Sterling was up 0.1% versus the dollar but set to close the week 0.54% higher, in its first rise since the week ending on January 12

Sterling was on track for its first weekly gain versus the dollar since mid-January on growing risk appetite and some strong UK economic data.

Traders see the pound as a "risk currency" that moves in accordance with similar assets, most typically equities, and world shares capped a record-breaking week after U.S. chipmaker Nvidia's strong earnings boosted tech stocks.

A survey showed strong growth for services firms and business optimism at a two-year high. But British consumer sentiment dropped for the first time in four months in February.

The pound has consolidated at a higher level this morning, undeterred by an unexpected decline in GfK consumer confidence, according to Kyle Chapman, forex analyst at Ballinger Group.

A global risk asset inflow keeps sterling buoyed in spite a widening US yield advantage. Forex has detached somewhat from rate spreads over the past few days, Chapman said.

Sterling was up 0.1% versus the dollar but set to close the week 0.54% higher, in its first rise since the week ending on January 12.

The pound correlation with global equities has started to soften but stays stronger than the U.S. dollar risk correlation and may prompt some pound firming if this risk appetite continues, said Derek Halpenny, head of research, global markets EMEA and international securities, at MUFG Bank.

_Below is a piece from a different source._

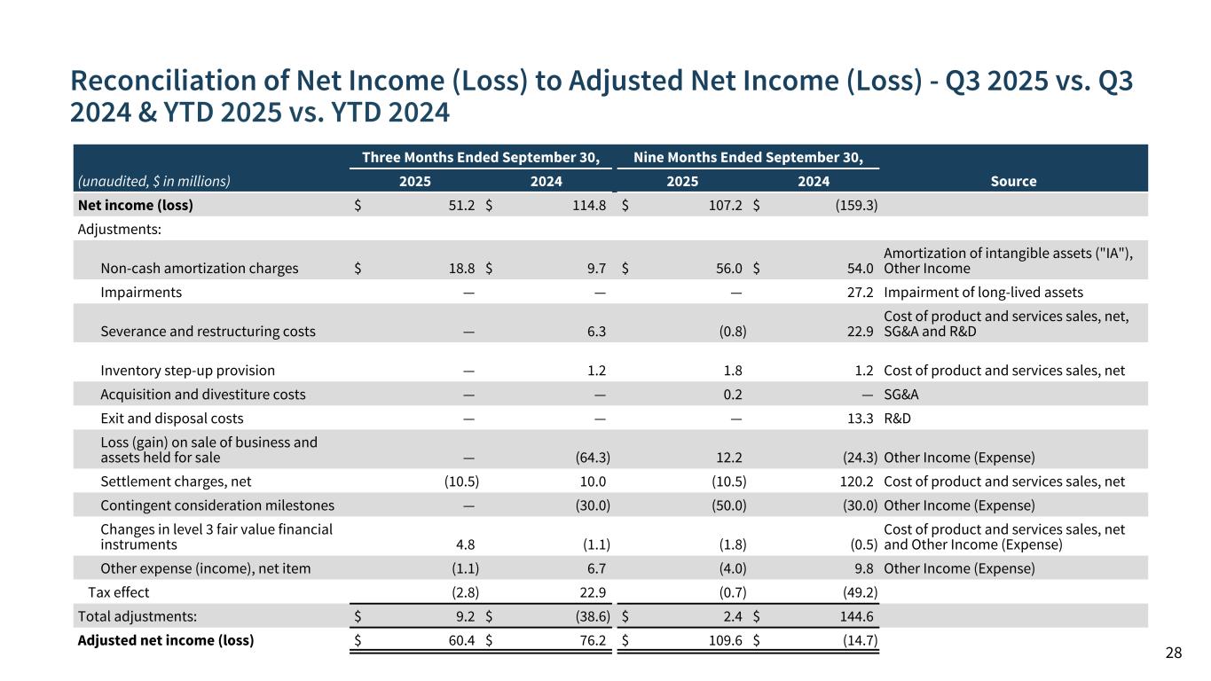 Reconciliation of Net Income (Loss) to Adjusted Net Income (Loss) - Q3 2025 vs. Q3 2024 & YTD 2025 vs. YTD 2024 28 (unaudited, $ in millions) Three Months Ended September 30, Nine Months Ended September 30, 2025 2024 2025 2024 Source Net income (loss) $ 51.2 $ 114.8 $ 107.2 $ (159.3) Adjustments: Non-cash amortization charges $ 18.8 $ 9.7 $ 56.0 $ 54.0 Amortization of intangible assets ("IA"), Other Income Impairments — — — 27.2 Impairment of long-lived assets Severance and restructuring costs — 6.3 (0.8) 22.9 Cost of product and services sales, net, SG&A and R&D Inventory step-up provision — 1.2 1.8 1.2 Cost of product and services sales, net Acquisition and divestiture costs — — 0.2 — SG&A Exit and disposal costs — — — 13.3 R&D Loss (gain) on sale of business and assets held for sale — (64.3) 12.2 (24.3) Other Income (Expense) Settlement charges, net (10.5) 10.0 (10.5) 120.2 Cost of product and services sales, net Contingent consideration milestones — (30.0) (50.0) (30.0) Other Income (Expense) Changes in level 3 fair value financial instruments 4.8 (1.1) (1.8) (0.5) Cost of product and services sales, net and Other Income (Expense) Other expense (income), net item (1.1) 6.7 (4.0) 9.8 Other Income (Expense) Tax effect (2.8) 22.9 (0.7) (49.2) Total adjustments: $ 9.2 $ (38.6) $ 2.4 $ 144.6 Adjusted net income (loss) $ 60.4 $ 76.2 $ 109.6 $ (14.7)

Nonetheless, investors remained focused on the BoE policy path as higher rates would support the pound.

Analysts said recent data showed inflation pressures were likely to keep the Bank of England wary about trimming borrowing costs.

While money markets are pricing a 25 bps rate reduction by the ECB and the Fed, per the CME FedWatch Tool, by June, they are discounting less than a 50% probability of such a move from the Bank of England.

Analysts also flagged that Bank of England policymaker Megan Greene said on Thursday she wanted more evidence that inflation pressures were easing before voting to reduce rates.